Task to complete
None of the images should appear in your copy. Transcribe the data in full.

Source material
- - -

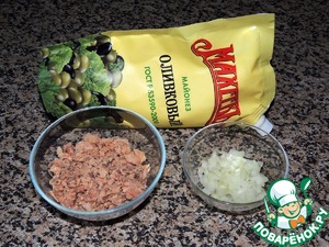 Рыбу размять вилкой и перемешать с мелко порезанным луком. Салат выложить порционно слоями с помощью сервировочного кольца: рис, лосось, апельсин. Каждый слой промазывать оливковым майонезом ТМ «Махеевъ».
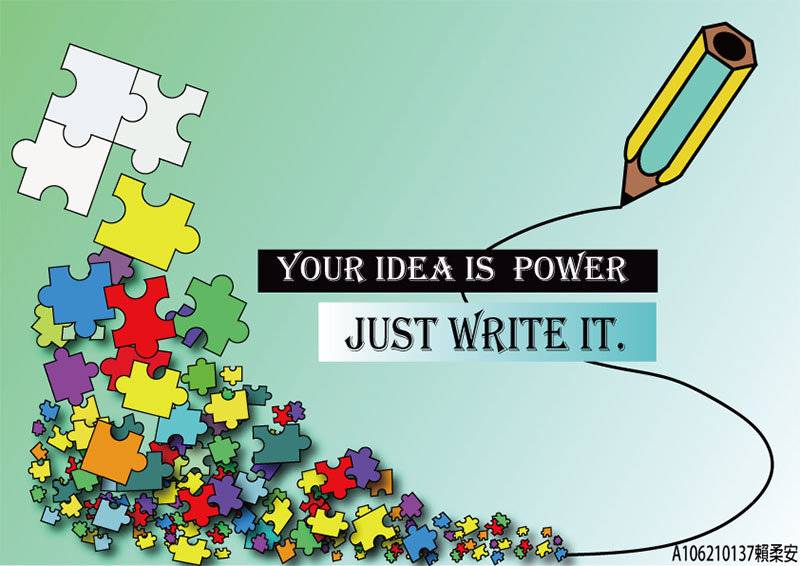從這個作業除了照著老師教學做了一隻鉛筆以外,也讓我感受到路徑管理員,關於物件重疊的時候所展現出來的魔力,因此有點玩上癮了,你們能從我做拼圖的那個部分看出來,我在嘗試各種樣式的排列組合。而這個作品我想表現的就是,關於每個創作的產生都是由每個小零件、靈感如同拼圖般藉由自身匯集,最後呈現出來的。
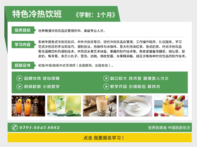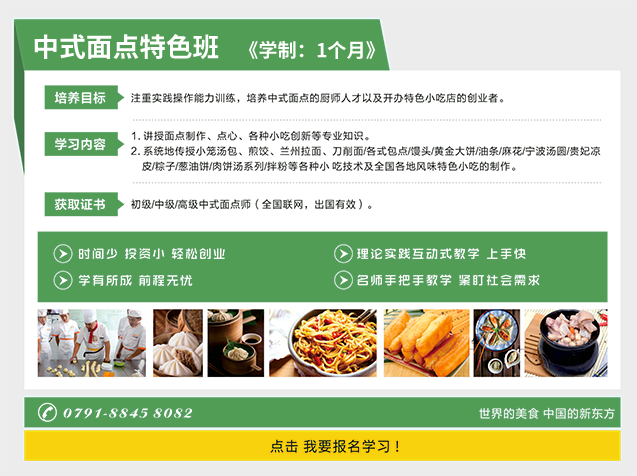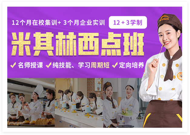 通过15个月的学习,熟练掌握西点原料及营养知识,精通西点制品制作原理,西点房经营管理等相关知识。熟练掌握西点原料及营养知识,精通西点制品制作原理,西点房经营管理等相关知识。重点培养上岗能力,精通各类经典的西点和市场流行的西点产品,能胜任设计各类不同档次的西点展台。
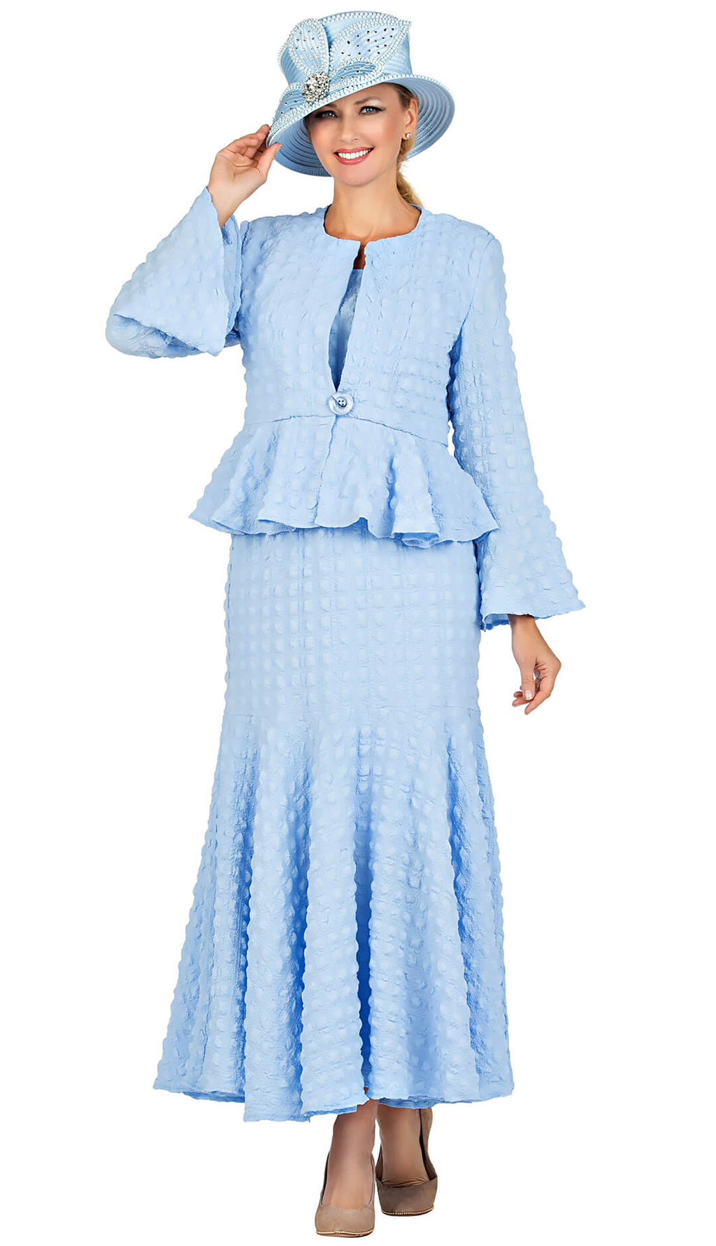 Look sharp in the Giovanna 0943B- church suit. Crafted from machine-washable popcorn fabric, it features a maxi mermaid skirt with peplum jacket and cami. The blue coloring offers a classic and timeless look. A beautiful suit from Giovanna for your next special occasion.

- - -

Task solution
 Рыбу размять вилкой и перемешать с мелко порезанным луком. Салат выложить порционно слоями с помощью сервировочного кольца: рис, лосось, апельсин. Каждый слой промазывать оливковым майонезом ТМ «Махеевъ».
從這個作業除了照著老師教學做了一隻鉛筆以外,也讓我感受到路徑管理員,關於物件重疊的時候所展現出來的魔力,因此有點玩上癮了,你們能從我做拼圖的那個部分看出來,我在嘗試各種樣式的排列組合。而這個作品我想表現的就是,關於每個創作的產生都是由每個小零件、靈感如同拼圖般藉由自身匯集,最後呈現出來的。
 通过15个月的学习,熟练掌握西点原料及营养知识,精通西点制品制作原理,西点房经营管理等相关知识。熟练掌握西点原料及营养知识,精通西点制品制作原理,西点房经营管理等相关知识。重点培养上岗能力,精通各类经典的西点和市场流行的西点产品,能胜任设计各类不同档次的西点展台。
 Look sharp in the Giovanna 0943B- church suit. Crafted from machine-washable popcorn fabric, it features a maxi mermaid skirt with peplum jacket and cami. The blue coloring offers a classic and timeless look. A beautiful suit from Giovanna for your next special occasion.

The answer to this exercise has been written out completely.